Он не может видеть лесного ковра, скрытого лиственной крышей. Но в крыше этой встречаются местами просветы и дают ему возможность видеть тех, кто ходит внизу. И сарыч увидел однажды зрелище, какое редко удается видеть человеку.
По лесной тропинке, проложенной к реке дикими зверями, которые ежедневно ходят туда на водопой, скользило серовато-бурое, пушистое существо. Оно перепрыгивало через каждое бревно, лежавшее на его пути, останавливалось у каждого сука, росшего на стволе сломанной сосны, то приседало за мим, то снова подымалось на всех четырех лапах, высоко поднимало полосатую голову, вытягивало бархатистую шею, белую, испещренную черными крапинками, терлось мордой о ветки, терлось спиной и устремляло пристальный взор в голубое небо. Чудный экземпляр жестокой дикой кошки, обитающей в горах!
Сарыч, перекувырнувшись три раза в воздухе, спустился ниже и продолжал свои наблюдения, зорко всматриваясь в просветы лиственной крыши.
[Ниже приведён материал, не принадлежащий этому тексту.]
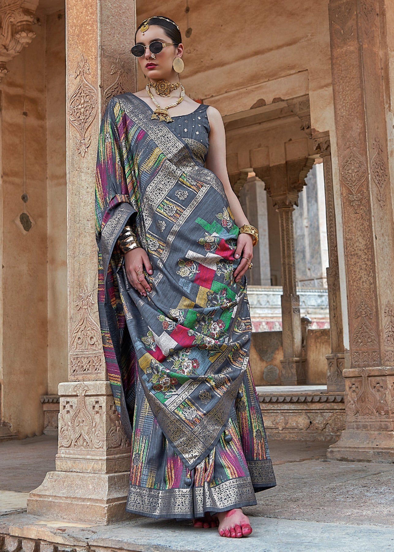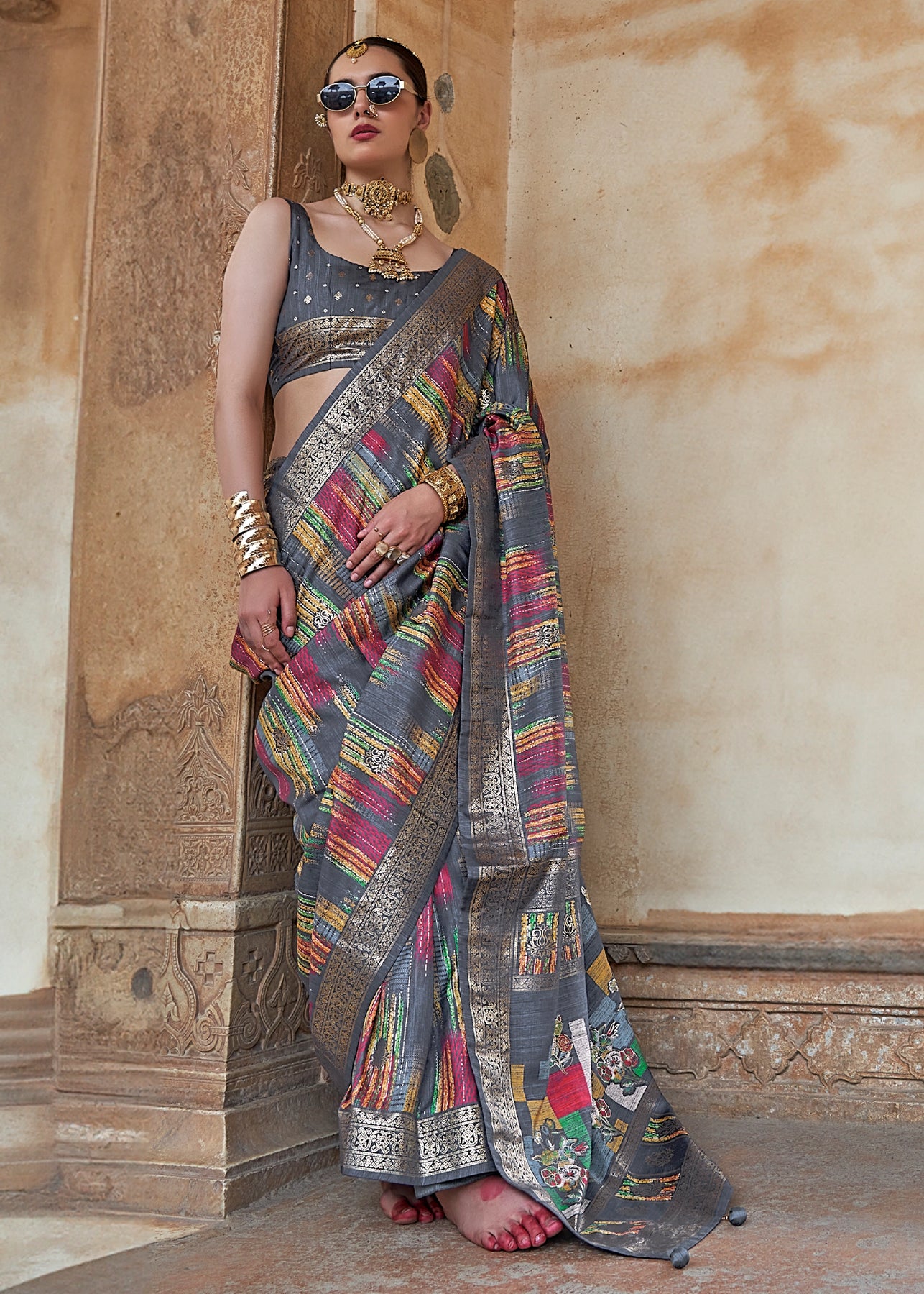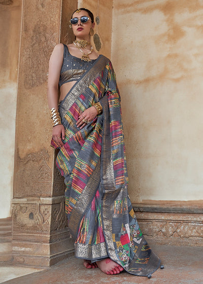 Silver Grey Digital Printed Silk Saree

Дикая кошка почесала себе подбородок, левую щеку, затем правую и собиралась уже приняться за чистку всей шубки, когда до слуха ее донеслись голоса и топот ног. Нервная дрожь пробежала по ней, и она насторожилась, прислушиваясь к этим звукам и представляя собой олицетворение силы, энергии и поразительной грации.
И сарыч, спустившийся еще ниже, также слышал эти звуки. Последние послышались теперь ближе. Серая шубка, изогнувшись, мигом прыгнула с лежавшей на земле сосны на высокий пень и с необыкновенной ловкостью, свойственной хищным зверям, прижалась к нему, сразу превратившись в обломок древесной коры.
Звуки становились все громче. Ясно было, что по тропинке, ведшей к водопою, приближались какие-то животные. Дикая кошка, сидя на высоком сосновом пне, устремила напряженный взор в ту сторону.
Но вот низкие кустарники зашевелились, и оттуда вынырнула веприца с целым выводком прыгающих, толкающих друг друга, хрюкающих резвых вепрят. То туда, то сюда прыгали они, догоняя свою мать, — настоящая банда маленьких озорников! Малыши то неслись по следам матери, то рыскали по сторонам. Так неслись они друг за другом, а дикая кошка, сидевшая на верхушке пня, напряженно следила за ними. Она предвкушала наслажденье сочным мясом, скалила зубы и острила когти.
Веприца-мать благополучно миновала пень с притаившимся на нем зловещим часовым, миновали его первый и второй члены резвой банды. Между этой и последующей частью маленькой процессии следовал некоторый промежуток. Затем послышался новый топот и хрюканье, что указывало на приближение второй партии озорников, за которыми на некотором расстоянии следовал и сам глава семьи.
Все благоприятствовало планам дикой кошки. Сделав прыжок, она схватила бежавшего мимо вепрёнка. Бежавшая банда дрогнула, услыша отчаянный визг. Веприца бросилась назад, к хищнику. Но дикая кошка была умна и заранее составила себе известный план. Достаточно было одного прыжка, чтобы она очутилась на верхушке соснового пня, где и уселась, крепко держа лапами отчаянно визжавшего вепрёнка и без малейшего угрызения совести поглядывая на несчастную мать, которая напрасно старалась вскарабкаться на пень.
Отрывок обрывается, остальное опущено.